There are also awareness, training and implementation programs planned before the 26 lap/shoulder belt-equipped buses purchased in April hit the roads this fall. Seat belts will become part of the yearly driver training held in August, and training videos from IMMI, manufacturer of the SafeGuard lap-shoulder belt seats, will be used.
During an early dismissal practice that elementary students participate in, they will be familiarized and trained on riding their bus and using the lap/shoulder belts. Middle and high school students “are already conditioned to (buckle up), they’re just not conditioned to do that on a school bus,” said Jackson. “It’s going to be a transition, but it’s a transition that needs to happen.”
Indiana requires evacuation training twice yearly, which will be practiced with the seat belts. Videos are also made available for parents to watch with their children.
The district also has a plan for enforcement. Students must fasten their seat belts immediately upon boarding the school bus, and the driver must walk the aisles to ensure that they have done so. School officials present during loading and unloading will lend assistance if the driver requires it. Students that fail to comply with the seat belt policy will be written up, and such situations are handled through the principal and parent.
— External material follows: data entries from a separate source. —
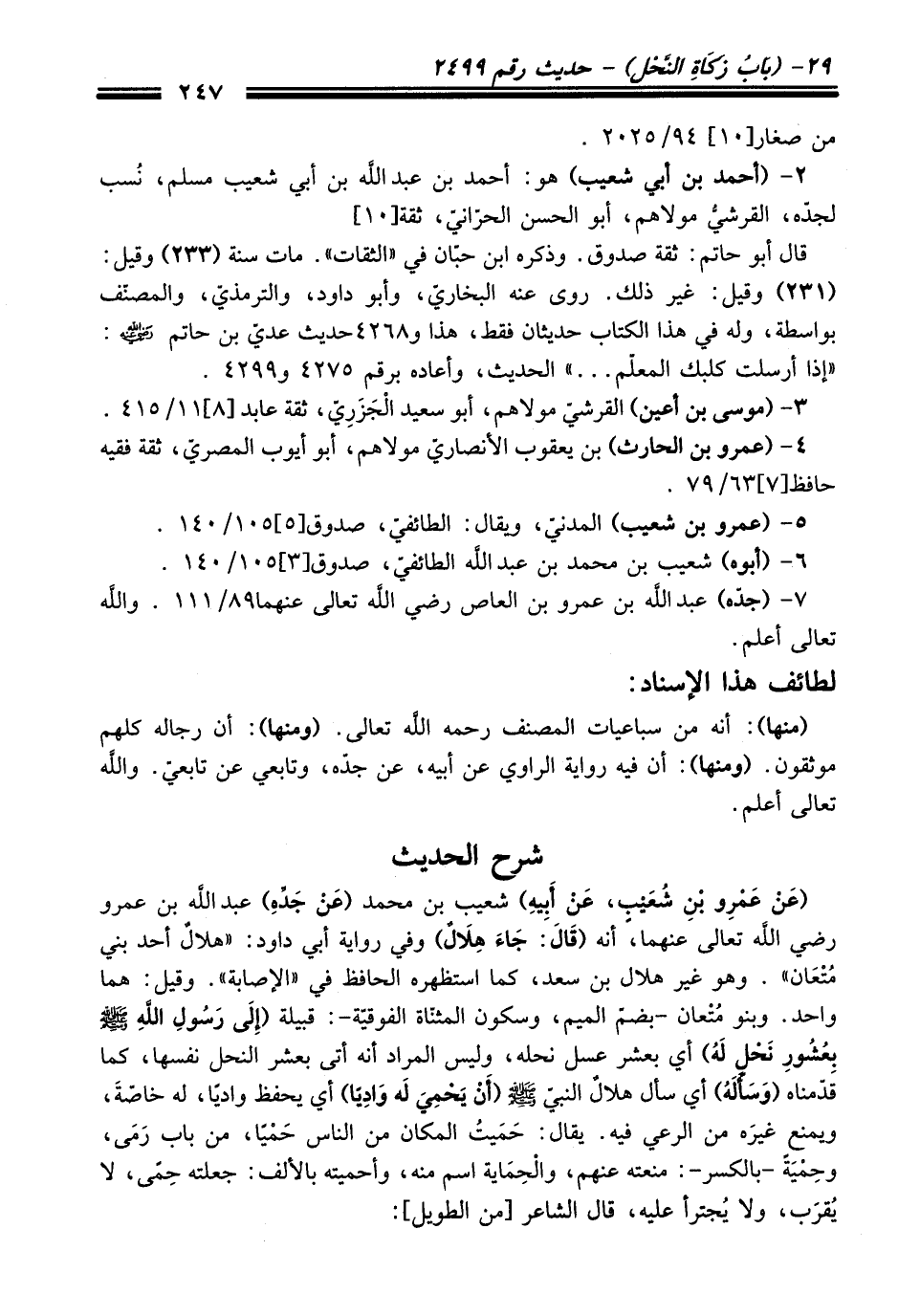 (عَنْ عَمْرِو بْنِ شُعَيْبٍ، عَنْ أَبيهِ) شعيب بن محمد (عَنْ جدِّهِ) عبد اللَّه بن عمرو - رضي اللَّه تعالى عنهما -، أنه (قَالَ: جَاءَ هِلَالٌ) وفي رواية أبي داود: "هلالٌ أحد بني مُتْعَان". وهو غير هلال بن سعد، كما استظهره الحافظ في "الإصابة". وقيل: هما واحد. وبنو مُتْعان -بضمّ الميم، وسكون المثنّاة الفوقيّة-: قبيلة (إِلَى رَسُولِ اللَّهِ - صلى اللَّه عليه وسلم - بِعُشُورِ نَحْلٍ لَهُ) أي بعشر عسل نحله، وليس المراد أنه أتى بعشر النحل نفسها، كما قدّمناه (وَسَألَهُ) أي سأل هلالٌ النبيّ - صلى اللَّه عليه وسلم - (أَنْ يَحْمِيَ لَه وَادِيًا) أي يحفظ واديًا، له خاصّةَ، ويمنع غيرَه من الرعي فيه. يقال: حَمَيتُ المكان من الناس حَمْيًا، من باب رَمَى، وحِمْيَةً -بالكسر-: منعته عنهم، والْحِمَاية اسم منه، وأحميته بالألف: جعلته حِمًى، لا يُقرَب، ولا يُجترأ عليه، قال الشاعر [من الطويل]:
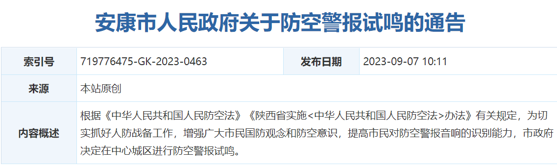 安康市人民政府關(guān)于防空警報試鳴的通告nyp安康新聞網(wǎng)
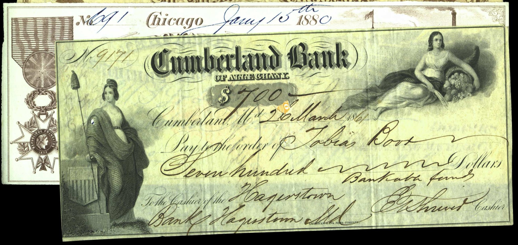 Check from the Cumberland Bank of Alleghany dated March 26, 1861 signed by E.T. Shriver, Cashier MD Ch381
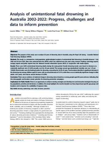Miller, Lauren, Willcox-Pidgeon, Stacey, Scarr, Justin Paul, and Koon, William (2025) Analysis of unintentional fatal drowning in Australia 2002-2022: Progress, challenges and data to inform prevention. Australian and New Zealand Journal of Public Health, 49 (4). 100258.
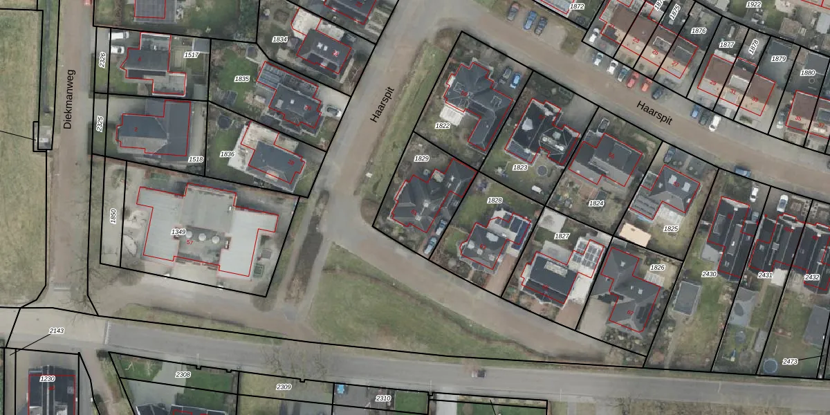 Het perceel waarop Haarspit 61 staat heeft een oppervlakte van 422 m². Dit is een groot perceel. De perceeloppervlakte wordt geregistreerd door het Kadaster. Gedetailleerde informatie over de maten van dit perceel kunt u vinden in het rapport Kadastrale kaart met maatvoering van Haarspit 61.

Other schools in the Fort Wayne, Indiana area are taking similar proactive measures with seat belts on school buses.
Local news outlet The Journal-Gazette reported that Northwest Allen County Schools approved $250,000 to retrofit 24 buses with lap/shoulder belts. East Allen County Schools students will be trained to use the seat belts that several district buses were equipped with. Also, Southwest Allen County Schools is updating its handbook with enforcement policies on the seven seat belt-equipped school buses entering service.
A recent STN webinar featured Monica Coburn, who previously served as transportation director at three Indiana school districts and is currently student transportation manager at SafeGuard seating, sharing how she implemented lap/shoulder belts into two of her school bus fleets.